TASK GOAL: Retype, word for word, every line from the one holding "1 つの画面でおこなうことができます。探していた画像が見つかったら、Elements Organizer" through the one holding "Stiched Border: Both" in the entries below, both included, and only those lines.

EXTRACTED ENTRIES:
--- --- ---

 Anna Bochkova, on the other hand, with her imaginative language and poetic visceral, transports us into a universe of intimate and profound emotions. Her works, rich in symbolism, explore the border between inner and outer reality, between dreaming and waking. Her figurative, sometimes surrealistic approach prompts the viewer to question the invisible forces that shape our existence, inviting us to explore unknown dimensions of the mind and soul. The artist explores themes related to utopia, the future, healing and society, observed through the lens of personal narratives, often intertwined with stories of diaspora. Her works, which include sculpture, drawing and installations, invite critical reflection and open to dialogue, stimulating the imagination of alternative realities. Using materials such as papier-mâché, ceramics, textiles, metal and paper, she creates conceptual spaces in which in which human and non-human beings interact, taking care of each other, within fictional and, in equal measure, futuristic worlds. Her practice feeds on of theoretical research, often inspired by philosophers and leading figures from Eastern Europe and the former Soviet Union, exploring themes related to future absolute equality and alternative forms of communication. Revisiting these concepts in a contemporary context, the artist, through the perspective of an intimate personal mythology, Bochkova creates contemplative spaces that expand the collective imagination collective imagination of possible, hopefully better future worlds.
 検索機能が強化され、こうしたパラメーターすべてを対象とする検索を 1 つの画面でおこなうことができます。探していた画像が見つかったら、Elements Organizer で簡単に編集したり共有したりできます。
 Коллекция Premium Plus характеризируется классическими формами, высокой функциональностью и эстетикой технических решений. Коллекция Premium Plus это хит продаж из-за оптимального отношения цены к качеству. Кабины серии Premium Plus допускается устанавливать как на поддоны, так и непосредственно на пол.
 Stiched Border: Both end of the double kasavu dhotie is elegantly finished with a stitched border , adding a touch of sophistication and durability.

--- --- ---

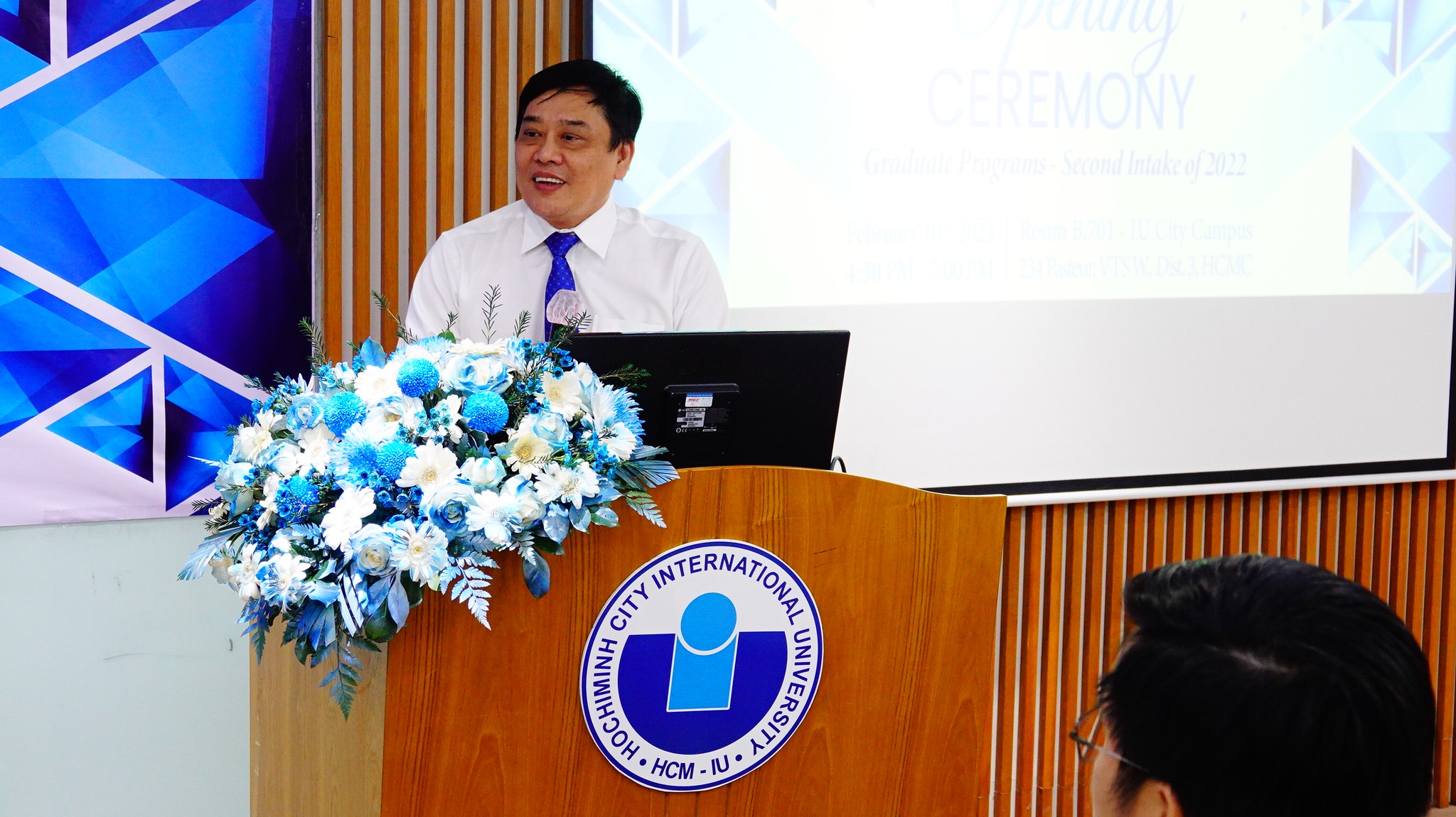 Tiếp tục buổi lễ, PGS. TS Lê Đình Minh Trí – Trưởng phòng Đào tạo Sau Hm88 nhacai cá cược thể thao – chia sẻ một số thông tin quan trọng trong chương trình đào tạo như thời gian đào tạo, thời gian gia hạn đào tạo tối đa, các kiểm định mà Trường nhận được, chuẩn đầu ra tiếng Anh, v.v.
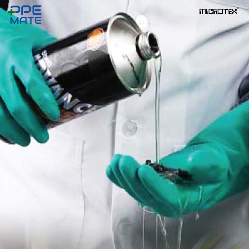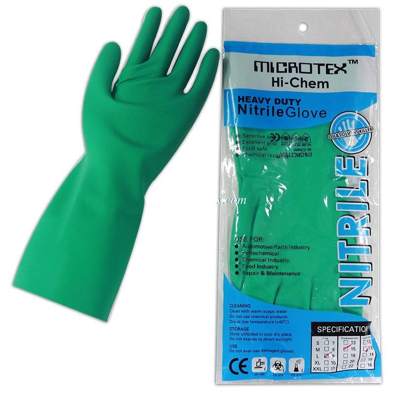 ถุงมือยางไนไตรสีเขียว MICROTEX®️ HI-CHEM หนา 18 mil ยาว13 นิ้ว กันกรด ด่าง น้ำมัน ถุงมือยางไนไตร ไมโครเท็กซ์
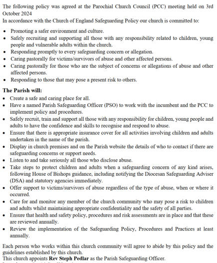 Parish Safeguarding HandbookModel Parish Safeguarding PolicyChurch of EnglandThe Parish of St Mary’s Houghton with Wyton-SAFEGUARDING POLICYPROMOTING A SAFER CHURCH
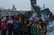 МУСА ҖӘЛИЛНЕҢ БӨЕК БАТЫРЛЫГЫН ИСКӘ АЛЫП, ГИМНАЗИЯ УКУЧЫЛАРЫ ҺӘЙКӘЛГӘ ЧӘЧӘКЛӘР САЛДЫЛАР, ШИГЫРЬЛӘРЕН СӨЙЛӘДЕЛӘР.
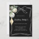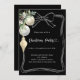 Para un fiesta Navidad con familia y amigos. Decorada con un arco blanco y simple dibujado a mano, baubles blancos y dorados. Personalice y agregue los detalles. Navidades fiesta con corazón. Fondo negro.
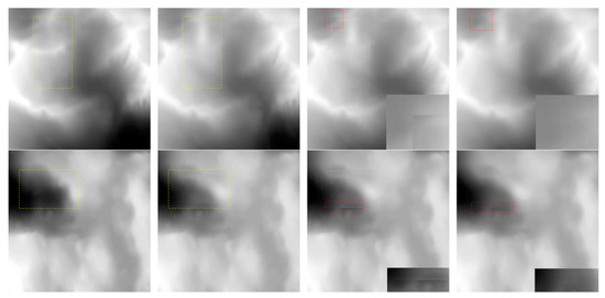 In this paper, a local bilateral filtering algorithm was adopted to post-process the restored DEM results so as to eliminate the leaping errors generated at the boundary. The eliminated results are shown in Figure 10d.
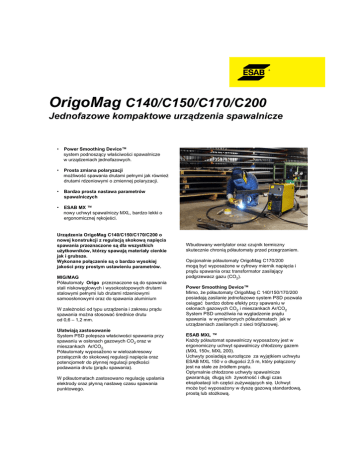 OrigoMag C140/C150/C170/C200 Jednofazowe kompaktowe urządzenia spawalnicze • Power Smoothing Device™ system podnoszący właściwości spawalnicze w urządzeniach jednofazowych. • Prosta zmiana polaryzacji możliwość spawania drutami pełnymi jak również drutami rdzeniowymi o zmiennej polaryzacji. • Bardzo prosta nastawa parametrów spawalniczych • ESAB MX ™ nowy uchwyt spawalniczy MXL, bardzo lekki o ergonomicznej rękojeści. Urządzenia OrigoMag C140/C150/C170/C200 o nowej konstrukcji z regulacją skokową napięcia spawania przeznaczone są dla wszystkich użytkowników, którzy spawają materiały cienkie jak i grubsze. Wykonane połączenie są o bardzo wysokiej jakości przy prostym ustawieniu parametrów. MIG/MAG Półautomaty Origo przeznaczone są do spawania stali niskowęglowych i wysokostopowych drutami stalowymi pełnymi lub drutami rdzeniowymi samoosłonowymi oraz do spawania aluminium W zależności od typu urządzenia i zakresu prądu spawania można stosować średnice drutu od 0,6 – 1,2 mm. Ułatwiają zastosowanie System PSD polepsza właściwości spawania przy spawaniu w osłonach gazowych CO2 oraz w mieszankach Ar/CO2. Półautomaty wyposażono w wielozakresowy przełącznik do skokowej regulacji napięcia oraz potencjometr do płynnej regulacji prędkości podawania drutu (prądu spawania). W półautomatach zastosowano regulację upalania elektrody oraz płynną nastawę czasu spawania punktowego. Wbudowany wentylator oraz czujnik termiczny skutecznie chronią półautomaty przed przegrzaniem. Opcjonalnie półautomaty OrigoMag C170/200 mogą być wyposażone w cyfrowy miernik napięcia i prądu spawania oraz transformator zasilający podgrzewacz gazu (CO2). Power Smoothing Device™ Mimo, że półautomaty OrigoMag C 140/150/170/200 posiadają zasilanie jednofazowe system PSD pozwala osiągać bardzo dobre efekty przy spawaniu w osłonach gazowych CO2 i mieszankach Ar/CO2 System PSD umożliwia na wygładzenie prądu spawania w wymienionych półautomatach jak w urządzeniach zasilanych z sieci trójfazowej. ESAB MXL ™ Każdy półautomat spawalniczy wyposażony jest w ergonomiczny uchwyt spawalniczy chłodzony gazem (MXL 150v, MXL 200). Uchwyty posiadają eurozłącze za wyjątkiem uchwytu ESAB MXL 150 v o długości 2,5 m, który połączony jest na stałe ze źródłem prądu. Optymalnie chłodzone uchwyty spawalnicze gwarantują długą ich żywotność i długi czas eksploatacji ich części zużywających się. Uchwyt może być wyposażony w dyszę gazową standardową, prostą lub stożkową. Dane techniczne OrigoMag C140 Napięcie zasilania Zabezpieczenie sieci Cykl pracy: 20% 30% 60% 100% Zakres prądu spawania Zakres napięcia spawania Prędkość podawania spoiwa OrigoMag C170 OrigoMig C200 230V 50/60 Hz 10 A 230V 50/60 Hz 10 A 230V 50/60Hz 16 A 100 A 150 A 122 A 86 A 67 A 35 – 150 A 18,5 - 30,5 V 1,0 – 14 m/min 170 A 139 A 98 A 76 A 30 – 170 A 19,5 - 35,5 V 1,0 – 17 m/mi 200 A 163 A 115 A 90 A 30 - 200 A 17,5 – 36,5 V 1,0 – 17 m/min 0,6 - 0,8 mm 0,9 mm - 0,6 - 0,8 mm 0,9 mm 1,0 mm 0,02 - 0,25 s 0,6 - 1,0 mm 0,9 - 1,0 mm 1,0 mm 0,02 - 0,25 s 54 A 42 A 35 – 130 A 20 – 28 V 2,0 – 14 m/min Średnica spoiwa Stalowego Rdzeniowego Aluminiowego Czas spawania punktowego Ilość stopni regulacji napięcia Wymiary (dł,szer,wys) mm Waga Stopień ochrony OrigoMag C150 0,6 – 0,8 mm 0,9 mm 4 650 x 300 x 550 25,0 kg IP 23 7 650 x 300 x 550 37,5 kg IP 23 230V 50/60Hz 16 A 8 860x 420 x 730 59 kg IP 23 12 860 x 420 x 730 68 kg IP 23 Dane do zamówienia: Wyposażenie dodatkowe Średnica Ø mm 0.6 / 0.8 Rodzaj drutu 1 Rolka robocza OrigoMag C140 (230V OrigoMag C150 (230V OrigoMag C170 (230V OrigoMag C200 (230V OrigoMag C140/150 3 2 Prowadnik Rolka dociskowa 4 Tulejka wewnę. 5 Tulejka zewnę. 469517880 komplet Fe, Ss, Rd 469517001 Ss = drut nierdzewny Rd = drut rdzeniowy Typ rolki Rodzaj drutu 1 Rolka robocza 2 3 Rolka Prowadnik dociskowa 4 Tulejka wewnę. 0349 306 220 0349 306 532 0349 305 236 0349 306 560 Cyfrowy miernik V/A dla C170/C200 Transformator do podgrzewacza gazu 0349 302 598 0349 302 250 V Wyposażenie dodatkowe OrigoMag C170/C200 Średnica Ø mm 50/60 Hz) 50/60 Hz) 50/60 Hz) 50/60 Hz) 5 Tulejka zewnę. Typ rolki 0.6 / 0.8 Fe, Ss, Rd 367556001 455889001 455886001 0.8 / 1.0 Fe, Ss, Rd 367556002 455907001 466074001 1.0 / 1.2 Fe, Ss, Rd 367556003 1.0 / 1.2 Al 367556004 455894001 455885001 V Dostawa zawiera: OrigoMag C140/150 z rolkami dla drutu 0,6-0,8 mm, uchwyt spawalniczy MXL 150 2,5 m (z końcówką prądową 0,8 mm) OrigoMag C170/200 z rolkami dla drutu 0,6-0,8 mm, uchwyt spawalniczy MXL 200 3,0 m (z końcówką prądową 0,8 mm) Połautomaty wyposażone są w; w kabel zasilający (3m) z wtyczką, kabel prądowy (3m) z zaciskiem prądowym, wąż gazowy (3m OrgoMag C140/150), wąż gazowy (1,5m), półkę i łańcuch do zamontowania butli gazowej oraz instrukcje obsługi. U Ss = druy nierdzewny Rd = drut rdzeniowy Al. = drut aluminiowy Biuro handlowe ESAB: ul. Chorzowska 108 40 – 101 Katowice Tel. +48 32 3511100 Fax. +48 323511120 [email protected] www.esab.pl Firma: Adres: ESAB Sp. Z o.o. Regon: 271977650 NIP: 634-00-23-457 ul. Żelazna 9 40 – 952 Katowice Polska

--- --- ---

WRITTEN RESPONSE:
 検索機能が強化され、こうしたパラメーターすべてを対象とする検索を 1 つの画面でおこなうことができます。探していた画像が見つかったら、Elements Organizer で簡単に編集したり共有したりできます。
 Коллекция Premium Plus характеризируется классическими формами, высокой функциональностью и эстетикой технических решений. Коллекция Premium Plus это хит продаж из-за оптимального отношения цены к качеству. Кабины серии Premium Plus допускается устанавливать как на поддоны, так и непосредственно на пол.
 Stiched Border: Both end of the double kasavu dhotie is elegantly finished with a stitched border , adding a touch of sophistication and durability.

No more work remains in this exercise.